> **DATASET EXTRACT**:
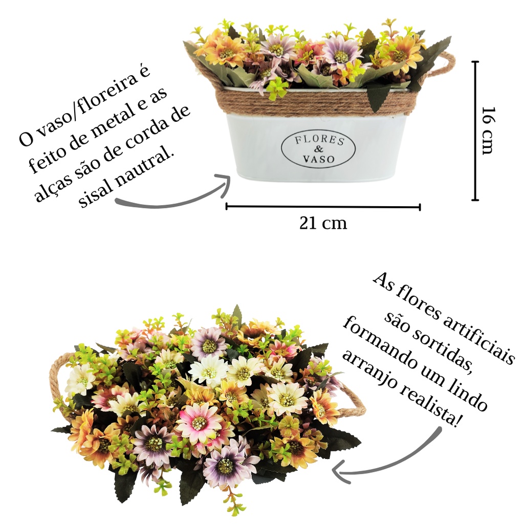 Cachepo Arranjo Flores & Vaso Floreira Metal E Alça De Corda
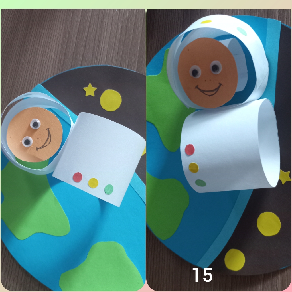Туловище космонавта приклеиваем на готовую основу, украшаем огоньками. /фото 13/
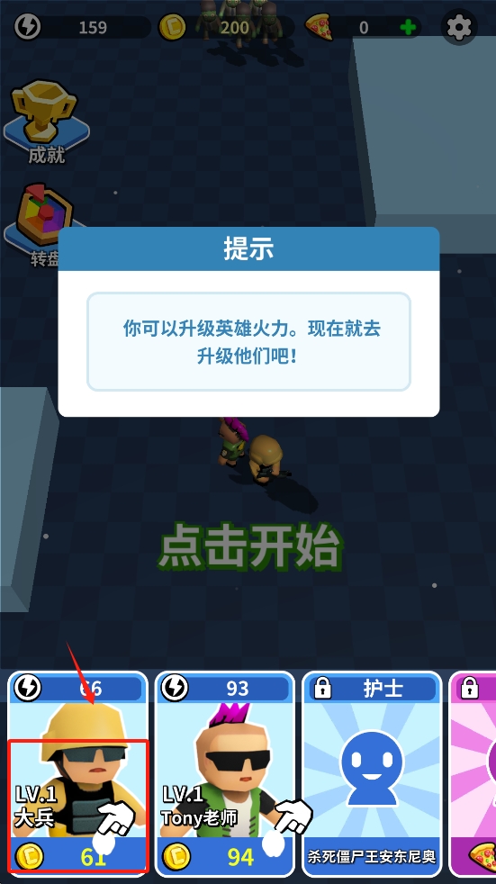 2、游戏中点击屏幕上方敌人,控制角色攻击,消灭敌人。

> **ABOUT THIS TASK**:
Keep the pictures out of the copy and return the rest of the data above exactly.

> **RESPONSE TO THIS TASK**:
 Cachepo Arranjo Flores & Vaso Floreira Metal E Alça De Corda
Туловище космонавта приклеиваем на готовую основу, украшаем огоньками. /фото 13/
 2、游戏中点击屏幕上方敌人,控制角色攻击,消灭敌人。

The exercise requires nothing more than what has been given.